NOTE: If undergoing medical tests makes you or someone you care for anxious, embarrassed, or even difficult to manage, you might consider reading one or more of the following articles: Coping with Test Pain, Discomfort, and Anxiety, Tips on Blood Testing, Tips to Help Children through Their Medical Tests, and Tips to Help the Elderly through Their Medical Tests.

Another article, Follow That Sample, provides a glimpse at the collection and processing of a blood sample and throat culture.

Is any test preparation needed to ensure the quality of the sample?

No test preparation is needed.

  1. Can this test be done in my doctor's office?

    JAK2 mutation testing must be performed in a laboratory that performs molecular testing. It is not offered by every laboratory and must often be sent out to a reference laboratory.

  2. Should everyone have a JAK2 mutation test performed?

    Testing is not indicated unless someone has signs or symptoms that suggest an MPN. This is not a test that would be appropriate to use to screen the general population.

  3. Is there any reason to repeat a JAK2 mutation test?

    A doctor may repeat this test if it was negative and the doctor feels that the mutation may have been missed. One reason it might be negative is that the proportion of your cells that have the JAK2 V617F mutation may be low. Currently, the test is not nationally standardized, so the sensitivity of the test may vary somewhat from laboratory to laboratory. A second test done at a later time and/or sent to a different laboratory may detect the JAK2 V617F mutation if it is present.

    Also, some doctors may order a quantitative test periodically to monitor the change in the number of cells with the JAK2 V617F mutation over time.
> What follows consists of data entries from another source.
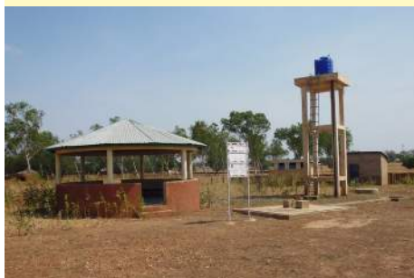
Le puits de l'atelier MISOLA

* Un groupement de femmes peut être défini comme un réseau d'entraide et de solidarité, ayant pour but un développement (souvent de nature économique) sous une forme coopérative.
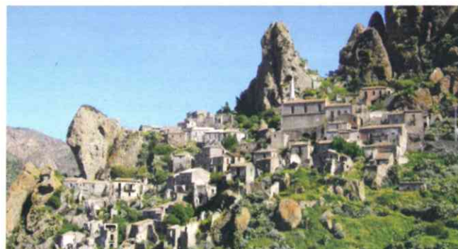
Il borgo di Pentedattilo

Vi si giunge da Melito attraverso una strada in salita ed è inserito nella visita ai luoghi dove visse S. Gaetano Catanoso.
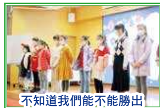
不知道我們能不能勝出

同學們參與了小遊戲及大合唱的環節，共同感受歡樂的聖誕氣氛。最後更有聖誕大抽獎，得獎的幸運兒欣喜若狂，事後更與嘉賓合照，為這個聖誕節留下歡樂的倩影。

Results from repeated quantitative tests may be useful in monitoring the effectiveness of treatment if ongoing research shows that the JAK2 gene is an appropriate target for MPN therapies.

  4. Are there other genetic tests associated with MPNs?

    Yes, mutations in the myeloproliferative leukemia (MPL) gene have been associated with ET and PMF but not with PV. Genetic testing is also sometimes used to check for the presence or absence of a Philadelphia (Ph') chromosome or a bcr-abl translocation (see BCR-ABL) in a person suspected of having chronic myelogenous leukemia.